Debugging grammars

Debugging parsers can be time consuming and tedious. Pegmatite contains some facilities to make life easier in this regard.

Debugging Parsers

By default, all of the debugging features are compiled out. Add -DDEBUG_PARSING to your compiler flags (or simply define the DEBUG_PARSING macro before including the parser header).

You can then use the trace() function to generate rules in your grammar. The calculator example contains this rule in the grammar:

Rule mul_op = mul >> '*' >> val;

To inspect when it is matched, we’ll modify it to trace attempts to match this rule:

Rule mul_op = trace("multiply", mul >> '*' >> val);

Rebuilding and running a couple of examples will show the tracing in the output. We’ll start with one that shouldn’t expect to match the mul_op rule:

1+2
[0] Trying multiply (line 1, column 1)
[1]  Trying multiply (line 1, column 1)
[1]  multiply failed (line 1, column 1)
[0] multiply failed (line 1, column 2)
[0] Trying multiply (line 1, column 3)
[1]  Trying multiply (line 1, column 3)
[1]  multiply failed (line 1, column 3)
[0] multiply failed (line 1, column 4)
success

This will first try to match an add operation, because that has the highest precedence. The left hand side of the add is some other expression. Again add has the highest precedence, but now is a left recursive rule, so the backtracking will try a subtraction, and so on until it tries a multiply. The multiply will fail after parsing a number, because the next token is not '*'. The failing token is shown in the output (line 1, column 2, the +).

The same process occurs on the right-hand side of the add, again failing, this time on the end-of-input character. If we try an example that should succeed, then we’ll end up with a simpler trace:

...
1*2
[0] Trying multiply (line 1, column 1)
[1]  Trying multiply (line 1, column 1)
[1]  multiply failed (line 1, column 1)
[0] multiply succeeded (line 1, column 4)

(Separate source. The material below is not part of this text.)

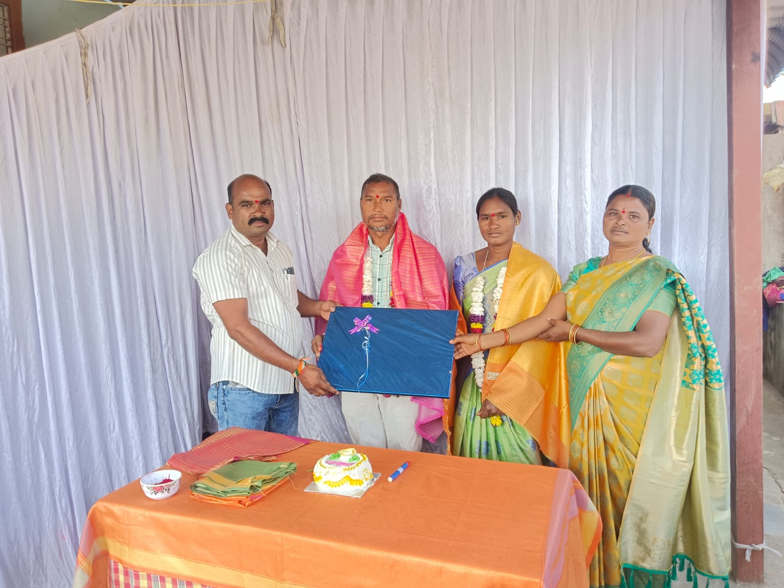 మహబూబాబాద్::కొత్తగూడ, డిసెంబర్ 21(భారత్ అవాజ్):గ్రామ పంచాయతీ మూడో విడత ఎన్నికల్లో ఘన విజయం సాధించిన కొత్తగూడ మండలం తాటివారి వేంపల్లి గ్రామపంచాయతీ సర్పంచ్ గా గెలుపొందిన తాటి వసంత రమణయ్య, వార్డు సభ్యులు ఇర్ప వినోద్ కుమార్,జోగ వెంకటలక్ష్మి,రాసురి.సుగుణమ్మ లను టియుడబ్ల్యూ ఐజేయు జిల్లా కార్యవర్గ సభ్యులు,సీనియర్ జర్నలిస్టు,అంబేద్కర్ నేషనల్ ఫెలోషిప్ అవార్డు గ్రహీత గొడుగు శ్రీనివాస్ గౌడ్ దంపతులు మర్యాదపూర్వకంగా కలసి శాలువాతో సత్కరించి, పుష్పాగుచ్చం,ఫోటో ఫ్రేమ్ ను బహుకరించి, కేక్ కట్ చేసి,స్వీట్లు పంపిణీ చేశారు.అనంతరం సర్పంచ్, వార్డు సభ్యులకు హృదయపూర్వక హార్దిక శుభాకాంక్షలు తెలిపారు.ఈ సందర్భంగా ఆయన మాట్లాడుతూ నిత్యం ప్రజల్లో ఉంటూ, ప్రజల ఆధార అభిమానాలను పొంది వేంపల్లి గ్రామం సర్పంచ్ గా ఘన విజయం సాధించడం గర్వించదగ్గ విషయమని అన్నారు.ప్రజా ఆశీర్వాదంతో గ్రామాన్ని అన్ని విధాలా అభివృద్ధికి కృషి చేయాలని కోరారు.భవిష్యత్ లో మరిన్ని పదవులు అధిరోహించాలని ఆయన ఆకాంక్షించారు.ఈ కార్యక్రమంలో సోలం వెంకన్న,బీరం తిరుమలేష్,తాటి కోమ్మయ్య,జోగ సమయ్య,ఇర్ప సంపత్,జోగ పోతయ్య,జోగ నందిని,సునిత, రమాదేవి,చంద్రకళ, వాసం సురేందర్,వాసం సింహాద్రి,నిర్మలా, నర్సమ్మ,ఇర్ప నారాయణ,జోగ నర్సయ్య,వజ్జ యాకలక్ష్మి,జోగ వీరలక్ష్మీ,తాటి సుమలత,తాటి శృతి, బుచ్చమ్మ,వాసం పాపయ్య తదితరులు పాల్గొన్నారు.

Here, the multiply matches the entire input.

Debugging AST Building

Pegmatite builds ASTs by invoking actions that pop constructed AST nodes off a stack and push new ones on. If you define the DEBUG_AST_CONSTRUCTION macro, then the code that constructs the AST will print various tracing information. Once again, visiting the calculator example we can see this:

1+2*3
[0] Constructing AST::Number (0x7fa5d86000f0) off the AST stack
[0] Constructed AST::Number (0x7fa5d86000f0) off the AST stack
[1] Constructing AST::Number (0x7fa5d86011b0) off the AST stack
[1] Constructed AST::Number (0x7fa5d86011b0) off the AST stack
[2] Constructing AST::Number (0x7fa5d8601170) off the AST stack
[2] Constructed AST::Number (0x7fa5d8601170) off the AST stack
[3] Constructing AST::MultiplyExpression (0x7fa5d86011e0) off the AST stack
[2] Popped AST::Number (0x7fa5d8601170) off the AST stack
[1] Popped AST::Number (0x7fa5d86011b0) off the AST stack
[1] Constructed AST::MultiplyExpression (0x7fa5d86011e0) off the AST stack
[2] Constructing AST::AddExpression (0x7fa5d8601350) off the AST stack
[1] Popped AST::MultiplyExpression (0x7fa5d86011e0) off the AST stack
[0] Popped AST::Number (0x7fa5d86000f0) off the AST stack
[0] Constructed AST::AddExpression (0x7fa5d8601350) off the AST stack

The number in square brackets indicates the number of elements on the stack. The first six lines construct AST::Number instances and push them on the stack. The address of the objects is also shown, so you can inspect them in a debugger. These are the terminals and so have nothing in between the ‘Constructing’ and ‘Constructed’ lines.

The next node to be constructed is the multiply expression (2*3). This pops the top two numbers off the stack and then pushes itself. Finally, the top-level add AST node starts to construct itself, popping the multiply and the number from the stack and finally pushing itself.

At the end of AST construction, there should be a single root node on the stack, which is then returned. Here we can see that this is exactly what happens: the AddExpression finishes constructing itself with 0 nodes on the stack.

By inspecting this trace, you can usually see where things are being pushed onto the stack and not popped, or objects are attempting to pop values from the stack that don’t exist.